[[ Provided entries, beginning ]]

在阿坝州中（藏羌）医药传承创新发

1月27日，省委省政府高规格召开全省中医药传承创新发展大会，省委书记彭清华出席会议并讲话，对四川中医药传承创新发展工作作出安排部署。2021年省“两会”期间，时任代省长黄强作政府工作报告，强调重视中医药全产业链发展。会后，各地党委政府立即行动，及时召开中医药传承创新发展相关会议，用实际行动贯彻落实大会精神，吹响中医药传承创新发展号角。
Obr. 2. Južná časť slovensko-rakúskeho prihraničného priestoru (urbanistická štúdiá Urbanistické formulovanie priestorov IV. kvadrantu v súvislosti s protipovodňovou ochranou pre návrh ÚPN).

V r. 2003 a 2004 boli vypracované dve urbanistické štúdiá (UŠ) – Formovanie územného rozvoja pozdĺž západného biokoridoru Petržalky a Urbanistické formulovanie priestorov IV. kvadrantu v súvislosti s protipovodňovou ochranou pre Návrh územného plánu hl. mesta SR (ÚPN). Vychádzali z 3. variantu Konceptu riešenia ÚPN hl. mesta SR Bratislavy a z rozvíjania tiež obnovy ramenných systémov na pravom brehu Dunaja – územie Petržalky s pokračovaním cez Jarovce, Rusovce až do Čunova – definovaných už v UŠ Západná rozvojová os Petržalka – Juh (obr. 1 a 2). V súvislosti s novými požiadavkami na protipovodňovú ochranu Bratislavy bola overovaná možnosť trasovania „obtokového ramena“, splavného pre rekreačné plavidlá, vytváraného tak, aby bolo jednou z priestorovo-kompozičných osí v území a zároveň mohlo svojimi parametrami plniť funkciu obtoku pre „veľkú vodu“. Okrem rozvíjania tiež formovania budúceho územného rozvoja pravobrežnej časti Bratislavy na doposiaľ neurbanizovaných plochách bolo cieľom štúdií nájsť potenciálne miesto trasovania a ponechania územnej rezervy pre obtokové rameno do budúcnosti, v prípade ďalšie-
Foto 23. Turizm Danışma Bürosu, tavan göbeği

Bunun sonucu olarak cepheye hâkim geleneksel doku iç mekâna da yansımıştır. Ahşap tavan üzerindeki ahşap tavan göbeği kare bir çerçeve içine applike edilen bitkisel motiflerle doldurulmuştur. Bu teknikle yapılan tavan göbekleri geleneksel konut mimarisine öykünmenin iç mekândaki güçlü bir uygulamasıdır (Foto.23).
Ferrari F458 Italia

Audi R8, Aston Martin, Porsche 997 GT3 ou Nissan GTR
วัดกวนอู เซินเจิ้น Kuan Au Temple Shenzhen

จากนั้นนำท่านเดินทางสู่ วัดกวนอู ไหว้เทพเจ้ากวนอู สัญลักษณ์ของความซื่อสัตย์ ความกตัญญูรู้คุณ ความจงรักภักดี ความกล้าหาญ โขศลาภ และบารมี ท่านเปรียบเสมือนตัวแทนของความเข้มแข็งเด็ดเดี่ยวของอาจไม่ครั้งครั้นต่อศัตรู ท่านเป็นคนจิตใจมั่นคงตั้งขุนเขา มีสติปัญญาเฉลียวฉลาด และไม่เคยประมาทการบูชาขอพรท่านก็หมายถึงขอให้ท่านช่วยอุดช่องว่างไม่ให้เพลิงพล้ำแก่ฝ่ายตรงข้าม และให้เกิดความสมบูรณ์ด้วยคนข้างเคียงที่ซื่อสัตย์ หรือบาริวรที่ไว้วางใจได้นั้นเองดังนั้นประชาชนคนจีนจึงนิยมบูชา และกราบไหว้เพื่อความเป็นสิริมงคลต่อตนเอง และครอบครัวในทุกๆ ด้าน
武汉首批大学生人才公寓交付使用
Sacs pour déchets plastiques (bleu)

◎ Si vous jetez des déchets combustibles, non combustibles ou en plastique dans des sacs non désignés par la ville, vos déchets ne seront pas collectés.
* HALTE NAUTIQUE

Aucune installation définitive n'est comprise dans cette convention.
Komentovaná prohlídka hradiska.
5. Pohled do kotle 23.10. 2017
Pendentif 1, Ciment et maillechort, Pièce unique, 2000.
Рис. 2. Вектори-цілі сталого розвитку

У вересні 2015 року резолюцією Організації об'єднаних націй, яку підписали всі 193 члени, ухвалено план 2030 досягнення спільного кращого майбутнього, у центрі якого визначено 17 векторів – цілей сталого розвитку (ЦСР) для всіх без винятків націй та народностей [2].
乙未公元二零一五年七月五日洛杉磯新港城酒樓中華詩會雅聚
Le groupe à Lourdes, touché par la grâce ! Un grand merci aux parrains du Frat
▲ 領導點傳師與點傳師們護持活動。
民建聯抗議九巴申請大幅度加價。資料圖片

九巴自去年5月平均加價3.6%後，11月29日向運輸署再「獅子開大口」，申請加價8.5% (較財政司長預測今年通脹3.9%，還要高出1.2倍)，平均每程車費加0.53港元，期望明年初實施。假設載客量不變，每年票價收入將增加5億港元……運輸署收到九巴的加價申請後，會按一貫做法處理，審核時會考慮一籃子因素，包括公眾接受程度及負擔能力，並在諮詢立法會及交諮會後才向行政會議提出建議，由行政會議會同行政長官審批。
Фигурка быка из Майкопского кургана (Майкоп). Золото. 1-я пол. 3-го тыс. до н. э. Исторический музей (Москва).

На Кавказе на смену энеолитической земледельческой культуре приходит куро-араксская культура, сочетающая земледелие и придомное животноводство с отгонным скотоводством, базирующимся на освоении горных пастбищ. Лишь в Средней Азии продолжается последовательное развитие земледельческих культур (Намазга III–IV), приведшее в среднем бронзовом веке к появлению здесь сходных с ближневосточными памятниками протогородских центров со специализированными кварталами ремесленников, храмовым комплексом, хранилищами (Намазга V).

[[ Provided entries, end ]]

● Task item:
If the word "dans" is on a line above, return that line.

● Task output:
◎ Si vous jetez des déchets combustibles, non combustibles ou en plastique dans des sacs non désignés par la ville, vos déchets ne seront pas collectés.
Aucune installation définitive n'est comprise dans cette convention.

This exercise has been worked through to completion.